La faute inexcusable de l’employeur
La loi du 9 avril 1898 concernant les responsabilités dans les accidents du travail a instauré le principe d'une responsabilité sans faute et forfaitaire de l'employeur à l'égard du salarié victime d'un accident du travail. Afin de compléter cette réparation forfaitaire et parfois insuffisante face au degré de responsabilité de l'employeur, cette loi fit apparaître une nouvelle notion, celle de la faute inexcusable. Elle permet une indemnisation supplémentaire.

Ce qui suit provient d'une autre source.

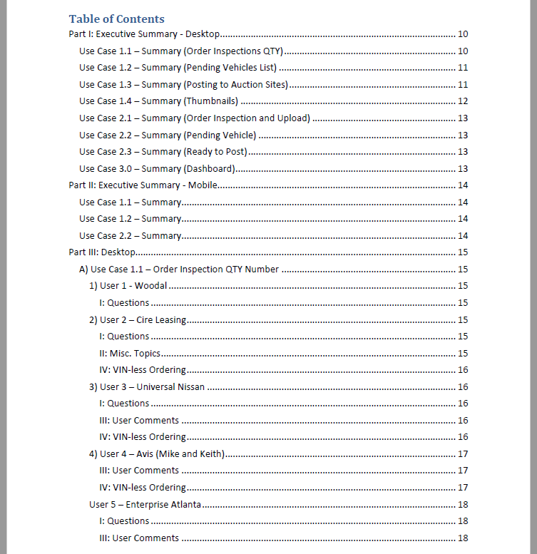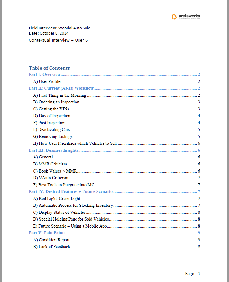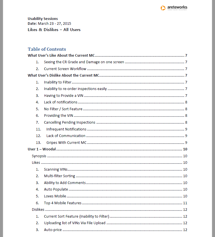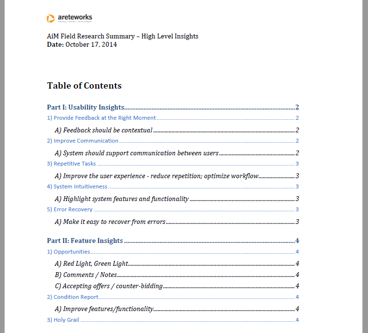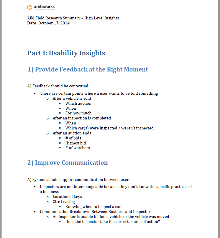 After the kick-off meeting, our team had a good idea of what AiM wanted, how their product currently worked, and how we should proceed. I consolidated my meeting notes into a 16-page document summarizing our high-level discussion points. Here’s a glimpse of what we discussed.
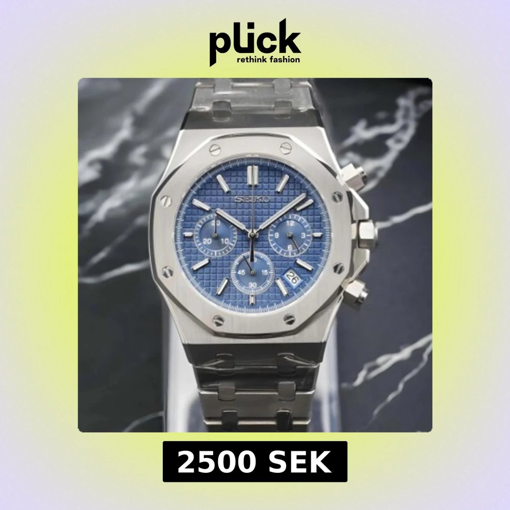 Snygg Seiko kronograf med blå urtavla och rutmönster. Klockan har robust armband och boett i silverfärgat stål, oktagonal form och flera subdials. Perfekt för dig som gillar stilren design med sportig touch. Datumvisning vid kl 4 och tydliga indexmarkeringar.

Ainsi, l'article 20 alinéa 3 dispose que : « Lorsqu'il est prouvé que l'accident est dû à la faute inexcusable du patron ou de ceux qu'il s'est substitués dans la direction, l'indemnité pourra être majorée, mais sans que la rente viagère ou le total des rentes allouées puisse dépasser soit la réduction soit le montant du salaire annuel. » Ces dispositions furent intégrées dans le Code de la sécurité sociale en son article L. 468, devenu par la suite, et encore aujourd'hui, l'article L. 452-1.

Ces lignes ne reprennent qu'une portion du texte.